The case concerns a complaint filed with the Commission in 2016 by the Polish company Sped-Pro against PKP Cargo, a company controlled by the Polish state. Sped-Pro submitted that PKP Cargo abused its dominant position on the Polish market for rail freight transport services on account of its alleged refusal to conclude a multi-annual cooperation agreement on market conditions.

In 2019, the Commission rejected Sped-Pro’s complaint on the grounds that the Polish competition authority was best placed to examine it. Subsequently, the applicant brought an action before the General Court seeking annulment of the contested decision raising three arguments, alleging (1) a failure to have its case handled within a reasonable time and a failure to state reasons in the contested decision, (2) manifest errors in assessing the EU interest in pursuing the examination of the complaint and (3) breach of the principle of the rule of law in Poland.
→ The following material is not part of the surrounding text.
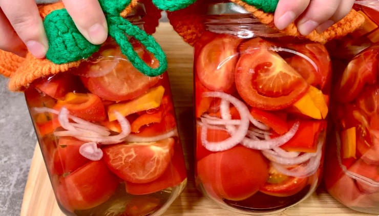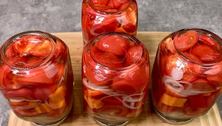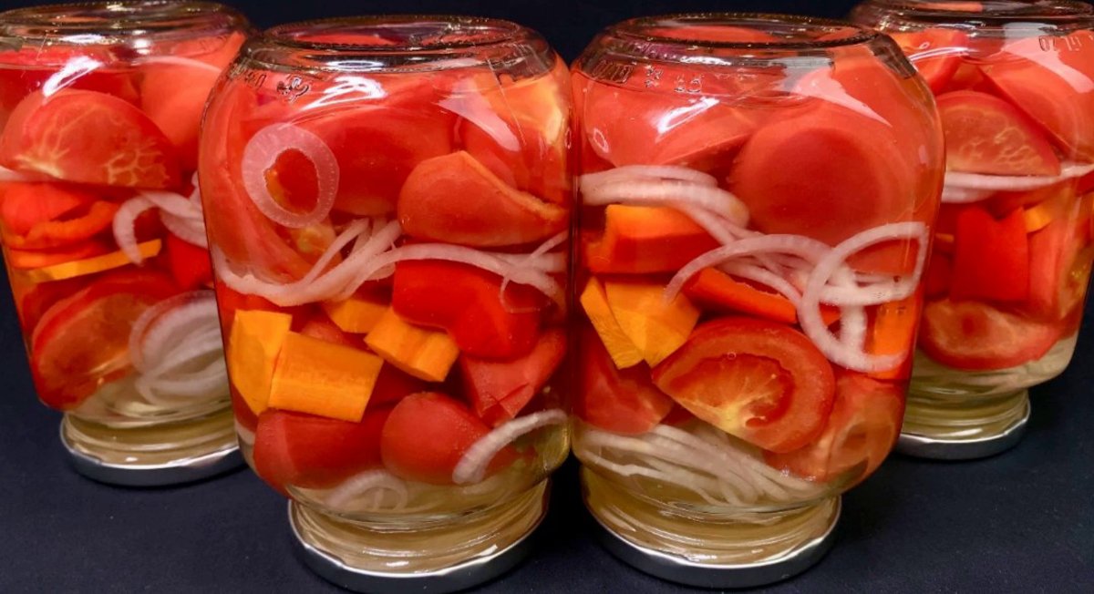 Закриваю на зиму “заливні” помідори з овочами! Виходять неймовірно смачні, кисло-солодкі і форму тримають чудово!

While the Court rejected the first two arguments of the applicant, it fully endorsed the argument that the systemic or generalised deficiencies of the rule of law in Poland and the lack of independence of the Polish competition authority and the national courts with jurisdiction in the field, must be considered by the Commission before rejecting a complaint for lack of an EU interest.

Case allocation mechanisms

In this case, the Court not only addressed rule of law issues as an element of effective competition law enforcement, but has also redrawn the otherwise clear jurisdictional mechanisms of case allocation, which govern the enforcement of competition law between the Commission and the Member States.

The allocation of cases between national competition authorities (NCA) and the Commission occurs within a framework of clear jurisdictional boundaries by seeking to find the best placed authority for enforcing Articles 101 and 102 TFEU, determined by various objective factors such as size and cross-border nature of the relevant behaviour and for mergers, is decided by reference to quantitative criteria.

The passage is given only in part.